The NEON code for computing the matrix for the ladder filter was almost
correct but had some bugs. This patch fixes those and enables it, for
a nice speed improvement (processing time was dominated by the scalar
matrix generation).
---
 cpp/src/neon_ladder.s | 25 +++++++++++++------------
 cpp/src/resofilter.cc | 25 ++++++++++++++++++++-----
 2 files changed, 33 insertions(+), 17 deletions(-)

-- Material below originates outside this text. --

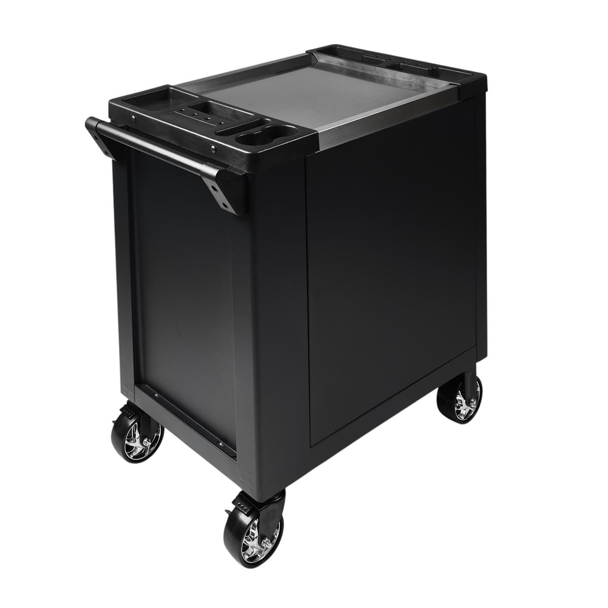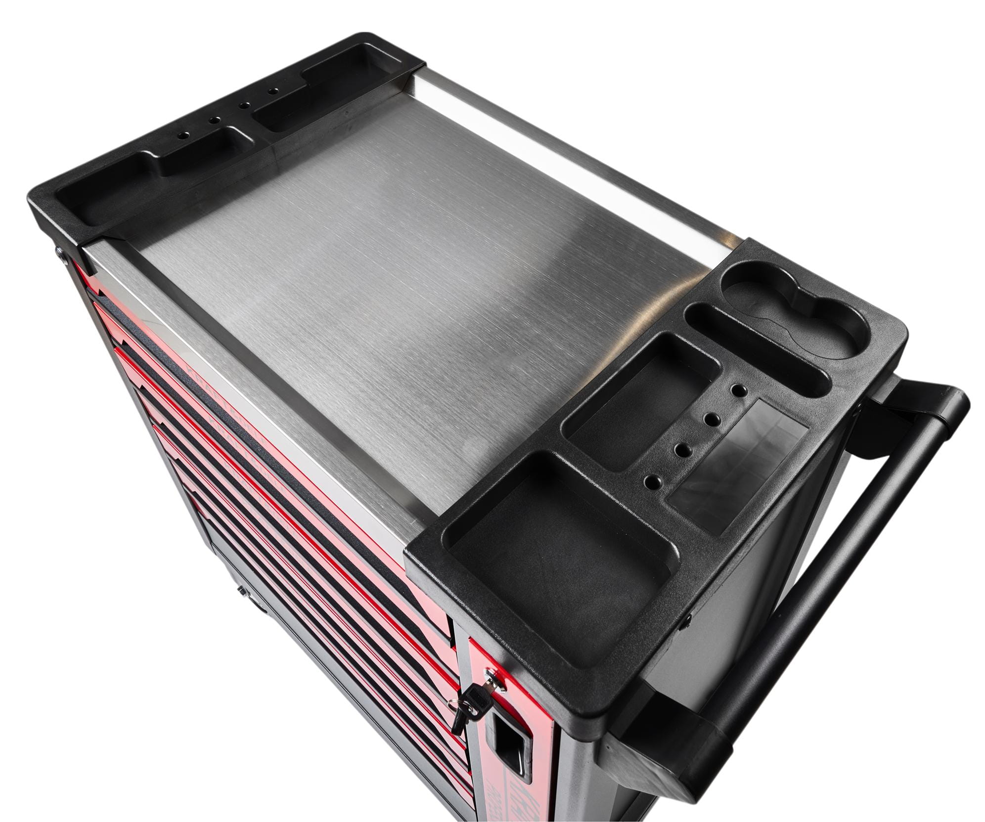 Blat wózka wykonany ze stali, odpornej na środki chemiczne, wysoką temperaturę oraz uszkodzenia. Po obu stronach blatu mamy otwory na wkręty, śróbki a nawet na kubek z pyszną kawą.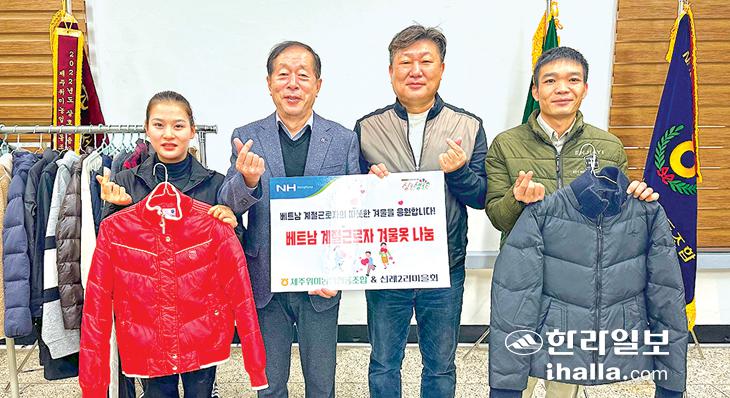 제주위미농협(조합장 현재근)과 신례2리마을회(이장 김철환)는 지난 25일 본점 회의실에서 지역 내 베트남 계절근로자들을 위해 동계 의류 나눔 행사를 진행했다. 이번 행사는 추운 겨울철 농촌현장에서 일하는 계절근로자들의 건강과 복지를 지원하기 위해 진행됐다.

diff --git a/cpp/src/neon_ladder.s b/cpp/src/neon_ladder.s
index 565e50c..aec0697 100644
--- a/cpp/src/neon_ladder.s
+++ b/cpp/src/neon_ladder.s
@@ -233,12 +233,12 @@ neon_ladder_lin_1:
     .type   neon_ladder_mkmatrix, %function
 neon_ladder_mkmatrix:
 @ r0 = pointer to params (a, k)
-@ r1 = out pointer to matrix (A then B, just like consumer)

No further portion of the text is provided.